*** Opening of EXTRACTED DATA ***

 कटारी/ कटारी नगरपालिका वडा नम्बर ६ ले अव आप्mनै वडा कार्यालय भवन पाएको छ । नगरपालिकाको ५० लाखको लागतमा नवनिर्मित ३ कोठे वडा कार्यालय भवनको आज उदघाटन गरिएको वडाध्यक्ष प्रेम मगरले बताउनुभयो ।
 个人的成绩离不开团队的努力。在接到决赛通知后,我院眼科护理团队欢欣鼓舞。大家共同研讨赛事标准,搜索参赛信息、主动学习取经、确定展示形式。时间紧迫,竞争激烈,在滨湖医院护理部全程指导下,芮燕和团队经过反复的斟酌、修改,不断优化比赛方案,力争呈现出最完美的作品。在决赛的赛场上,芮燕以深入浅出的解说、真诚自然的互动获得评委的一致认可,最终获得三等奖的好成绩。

*** Close of EXTRACTED DATA ***
*** Opening of EXTRACTED DATA ***

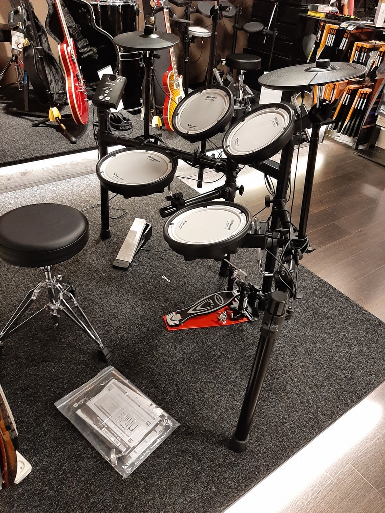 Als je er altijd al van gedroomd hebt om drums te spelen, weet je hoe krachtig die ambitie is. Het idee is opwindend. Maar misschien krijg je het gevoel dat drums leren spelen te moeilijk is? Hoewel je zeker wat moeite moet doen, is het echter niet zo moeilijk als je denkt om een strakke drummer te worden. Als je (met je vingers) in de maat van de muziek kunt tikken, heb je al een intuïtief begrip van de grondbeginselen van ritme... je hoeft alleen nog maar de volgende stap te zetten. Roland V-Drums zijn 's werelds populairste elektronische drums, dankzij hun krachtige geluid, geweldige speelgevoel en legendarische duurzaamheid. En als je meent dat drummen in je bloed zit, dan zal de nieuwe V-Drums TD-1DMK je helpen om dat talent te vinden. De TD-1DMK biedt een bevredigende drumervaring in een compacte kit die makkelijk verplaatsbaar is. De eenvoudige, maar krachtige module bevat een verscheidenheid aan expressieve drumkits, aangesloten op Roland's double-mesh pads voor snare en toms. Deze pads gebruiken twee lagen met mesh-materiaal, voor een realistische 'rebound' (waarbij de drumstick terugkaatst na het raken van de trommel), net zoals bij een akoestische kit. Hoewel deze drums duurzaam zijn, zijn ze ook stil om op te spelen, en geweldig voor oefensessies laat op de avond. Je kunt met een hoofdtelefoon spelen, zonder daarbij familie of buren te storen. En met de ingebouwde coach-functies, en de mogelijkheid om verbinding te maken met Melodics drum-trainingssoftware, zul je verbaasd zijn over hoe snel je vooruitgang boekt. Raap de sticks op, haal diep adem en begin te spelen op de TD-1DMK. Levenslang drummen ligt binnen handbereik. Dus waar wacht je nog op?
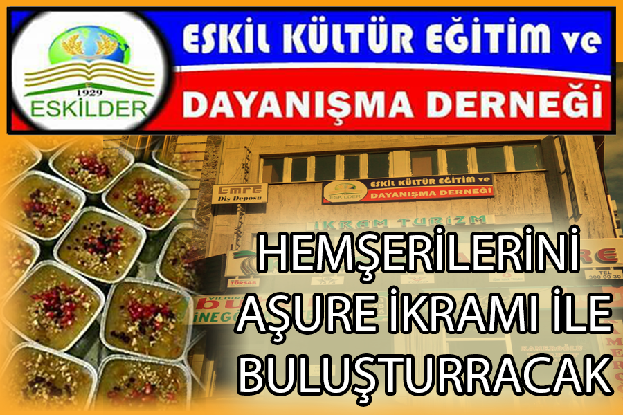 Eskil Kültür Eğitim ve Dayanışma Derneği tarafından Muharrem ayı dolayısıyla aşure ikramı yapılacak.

*** Close of EXTRACTED DATA ***
*** Opening of EXTRACTED DATA ***

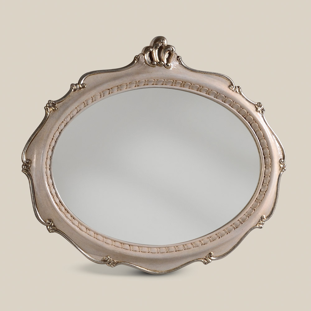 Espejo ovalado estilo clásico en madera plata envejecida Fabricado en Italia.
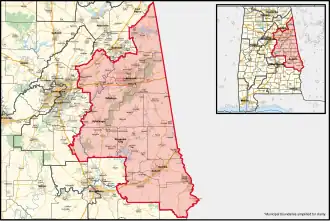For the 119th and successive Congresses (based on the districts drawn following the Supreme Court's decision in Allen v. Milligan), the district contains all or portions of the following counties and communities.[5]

*** Close of EXTRACTED DATA ***

◆ INSTRUCTIONS FOR THE TASK:
Your answer should be the lines above, from the line containing "कटारी/ कटारी नगरपालिका" up to and including the line containing "个人的成绩离不开团队的努力。", reproduced exactly and with nothing else.

◆ REPLY TO THE EXERCISE:
 कटारी/ कटारी नगरपालिका वडा नम्बर ६ ले अव आप्mनै वडा कार्यालय भवन पाएको छ । नगरपालिकाको ५० लाखको लागतमा नवनिर्मित ३ कोठे वडा कार्यालय भवनको आज उदघाटन गरिएको वडाध्यक्ष प्रेम मगरले बताउनुभयो ।
 个人的成绩离不开团队的努力。在接到决赛通知后,我院眼科护理团队欢欣鼓舞。大家共同研讨赛事标准,搜索参赛信息、主动学习取经、确定展示形式。时间紧迫,竞争激烈,在滨湖医院护理部全程指导下,芮燕和团队经过反复的斟酌、修改,不断优化比赛方案,力争呈现出最完美的作品。在决赛的赛场上,芮燕以深入浅出的解说、真诚自然的互动获得评委的一致认可,最终获得三等奖的好成绩。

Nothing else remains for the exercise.